Free Speech, Transparency, and Privacy

There is, unfortunately, a conflict between, on the one hand, the need to ensure that the press is free to investigate issues of legitimate public concern, and that the courts operate in a sufficiently open environment to maximise the chance that they will deliver justice, and on the other hand, the natural wish of every human being for some degree of privacy in his or her personal life.

This conflict is always particularly difficult where there are children involved. The Times newspaper has been running a campaign in which they have argued that the secrecy of Britain's family courts, imposed to protect children, may in some cases have been actively counterproductive since that secrecy has allowed a number of what appear to have been outrageously unjust decisions to escape proper scrutiny. Yet nobody would want the children involved exposed to the full glare of press attention. Maybe the traditional British solution of printing the decisions but witholding details which would allow individuals to be identified and denoting people by letters (e.g. "Mr X" and "Mrs Y" would be an improvement.

For fear of stifling legitimate press investigation, the British parliament has never deliberately passed a privacy law, although it is coming to appear that Labour may have unwittingly saddled us with European privacy laws through the Human Rights act. Following a spate of ugly press intrusions into people's private lives, David Mellor once warned the media that they were drinking in the last chance saloon. I remember hearing at the time an excellent speech in response to this, I think it was by Eric Pickles, which concluded with the words

"If the press is drinking in the last chance saloon, a wise government will think long and hard before calling 'Time'."
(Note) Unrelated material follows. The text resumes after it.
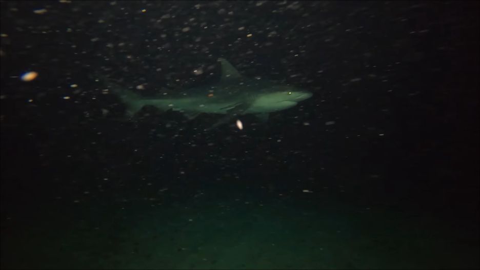 Po wrzuceniu kamery do wody, od razu wokół zebrały się ryby, żywo zainteresowane dziwnym urządzeniem. Przyglądały mu się liczne gatunki. Niektóre przypominają szczupaki, ale pojawia się też znacznie większe. Gdy zapadł zmrok, otoczenie się zmieniło, a wśród ryb zagościły groźnie wyglądające rekiny, a obok okoniowate.

There are no easy answers to the conflict between free speech and privacy. It can often be the case that the victims of wrongdoing, or others who have done nothing wrong but who unwillingly find themselves the target of massive public curiosity, are just as desperate for the press to "go away and mind their own business" as are those who have actually done something wrong. Often the majority of journalists will respect that wish. On other occasions there are too many who do not. And sometimes justified press reporting can add to the pain of the innocent. I saw this for myself many years ago.


Until my early twenties I had assumed that the expression "He aged five years in a week" was just a figure of speech. Then I saw it happen, twice in a year, to one of the nicest men I ever met. The first time was when he was one of the victims of a terrible crime. The second time legitimate press reporting probably contributed to what happened.

Some 25 years ago, a kind, gentle, friendly man with whom I used to sing in a church choir came home from work and discovered his wife's murdered body. I was horrified at the change in his appearance when I next saw him: luckily someone quietly took me aside and explained what had happened.

The killer, and the woman who had hired him, were brought to justice, and sadly the surviving victim's pain was not over: in order to explain the motive for the crime the prosecution was forced to demonstrate to the jury that the person who paid for the murder did so because of jealousy of another man with whom the murdered woman was involved. That process would have been painful enough if it had been conducted in private: needless to say every single national newpaper, broadsheet or tabloid, carried page after page of lurid detail after each day of the trial.

The victim's husband - or rather, the victim - couldn't face coming to church for several weeks afterward, but when I next saw him he looked to have aged another five years during the trial. I will always remember another member of the congregation saying some supportive things to him, and she concluded with the words "And everyone I know thinks the way the press behaved was disgusting." At the time, so did I.

And yet: what else could have been done? This was a murder trial. At the end of it, the people in the dock were convicted and sentenced to life imprisonment. What sort of society can allow people to be tried in secret for crimes like murder, or to be sentenced to life imprisonment without the evidence to justify that sentence being presented in public?

The answer to that question, sadly, is a society which is willing to risk the possibility of grave injustice being done in secret.

We need a free press. We need open courts. And we need to find a way to keep those things which also protects family life. To find a balance which achieves all these things will not necessarily be easy, but it has to be done.